Fotos microscópicas dos tecidos de esponjas mostram a presença – no interior dos próprios tecidos ou em suas adjacências – de uma enorme quantidade de microrganismos. “Achamos que a alta tolerância das esponjas às relações simbióticas, desenvolvida ao longo da evolução, possa ser uma das explicações para que esses organismos sejam uma fonte tão rica de novos compostos químicos”, avalia.
Segundo Andersen, em comparação com outros organismos marinhos, apenas os corais moles – da ordem Alcyonacea, que não têm esqueleto calcificados – aproximam-se das esponjas com relação à riqueza de compostos químicos e metabólitos secundários.
“Mesmo assim, a química dos corais moles não tem tanta diversidade. O mais notável, no caso das esponjas, é que as classes de compostos são todas provenientes de biossintéticos diferentes. Mais uma vez, acreditamos que essa característica possa ser reflexo do fato de que boa parte desses compostos é feita por meio de simbiose, contando com a imensa diversidade de micróbios que vivem dentro das esponjas e são responsáveis pela incrível diversidade química que encontramos nelas”, explica o professor.
Dependendo do local onde uma mesma espécie de esponja é coletada, podem-se encontrar compostos químicos muito diferentes. Para Andersen, essa é mais uma evidência de que a diversidade química é proveniente da simbiose.
“Provavelmente, as esponjas que vivem em diferentes locais têm simbiose com microrganismos diferentes. De certo modo, trata-se de uma maravilhosa amplificação da biodiversidade. Se a química estivesse ligada apenas às células da esponja, provavelmente a mesma esponja teria a mesma composição em todos os lugares. Mas, como a química está relacionada à simbiose, a mesma espécie de esponja pode ter composições químicas distintas em diferentes partes do mundo, multiplicando as possibilidades de prospecção de produtos bioativos”, afirma.
O procedimento de prospecção consiste em coletar o maior número possível de esponjas e analisar, em uma fase posterior, o potencial bioativo dos compostos químicos presentes nesses poríferos.

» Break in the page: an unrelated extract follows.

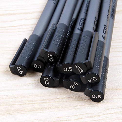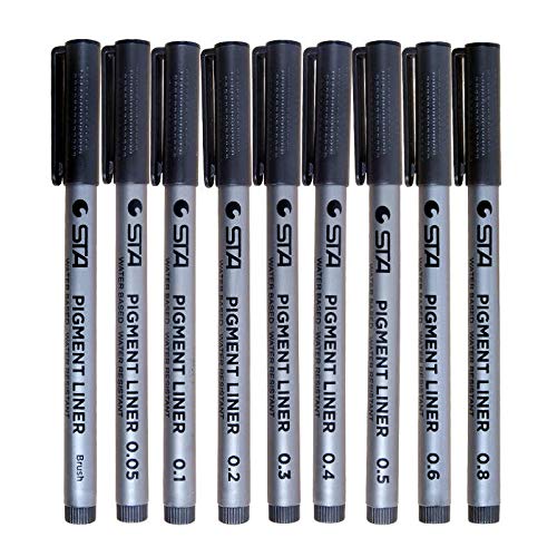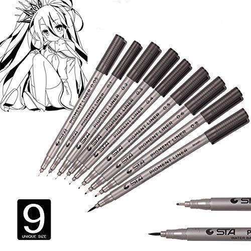 Packing information: – 8 x Micro-line pens(0.05mm,0.1mm,0.2mm,0.3mm,0.4mm,0.5mm,0.6mm,0.8mm) -1 x Brush pen High-Quality Archival ink Pens are non-toxic, water resistant water-based and acid-free with superior archival quality long lasting vibrant pigment inks that don’t smear, fade, bleed or skip. Convenient Storage Pens are stored in a convenient organizer pouch with individual spots to hold each pen, so you can always keep them neatly organized and ready for use. Makes a Great Gift Our Master Markers Micro-Pen Fineliner Pen Sets are an excellent gift item, as they are great for helping kids, teens and adults express their creative side. Great for the aspiring young artist, as well as the serious professional artist. Note: 1.Please draw with an even pressure to avoid bleeding. 2.Keep the tip perpendicular to the paper in order to draw lines with the same thickness. 3.After use, make sure you recap the pens to prevent them from drying out. 4.Suitable for children 3 and above

“Em geral, já sabemos que as esponjas são uma rica fonte de compostos químicos. Então, não orientamos a busca para compostos específicos. Coletamos muitas esponjas, de modo que possamos montar uma grande biblioteca de extratos, com grande diversidade química. Aí, usando ensaios biológicos, procuramos por compostos que tenham tipos específicos de atividade biológica, como atividade antimitótica, ou a ação em um receptor específico”, explica Andersen.
Produção em escala
Depois de coletar as esponjas e obter uma grande diversidade biológica, os cientistas sabem que têm à disposição uma grande diversidade química de compostos. “Usamos, então, testes químicos para descobrir, na nossa imensa coleção de compostos, aqueles dois ou três que realmente queremos e que têm as atividades biológicas que precisamos”, diz o especialista.
O segredo para uma boa bioprospecção, segundo ele, é ter à disposição uma biblioteca química muito rica e, ao mesmo tempo, ensaios de atividade biológica que sejam muito eficientes e seletivos para os diversos tipos de compostos.
“As moléculas que procuramos devem cumprir os seguintes critérios: ter interesse teórico devido à novidade de sua biogênese – como moléculas com novos esqueletos de carbono -; mostrar atividade biológica in vitro, o que faz delas potenciais alvos para o desenvolvimento de agentes farmacêuticos; e apresentar atividades biológicas que lhes permitam ter um papel central na biologia do organismo que as produz”, explica Andersen.
Uma vez encontrada a molécula, segundo o professor da Universidade da Colúmbia Britânica, surge o principal gargalo para a fabricação de novos fármacos: a produção em escala.
“Quando se trata de esponjas, não podemos ir à natureza, coletá-las e usá-las como fonte para o desenvolvimento de drogas. Nenhuma indústria farmacêutica investiria em um composto que fosse desenvolvido exclusivamente a partir de um recurso natural desse tipo. É preciso ter uma fonte renovável. Por isso, depois de encontrar um composto que pareça realmente promissor, é preciso sintetizar a molécula e produzi-la em escala. Esse é um ponto crítico do processo, antes de partir para testes clínicos”, afirma o cientista.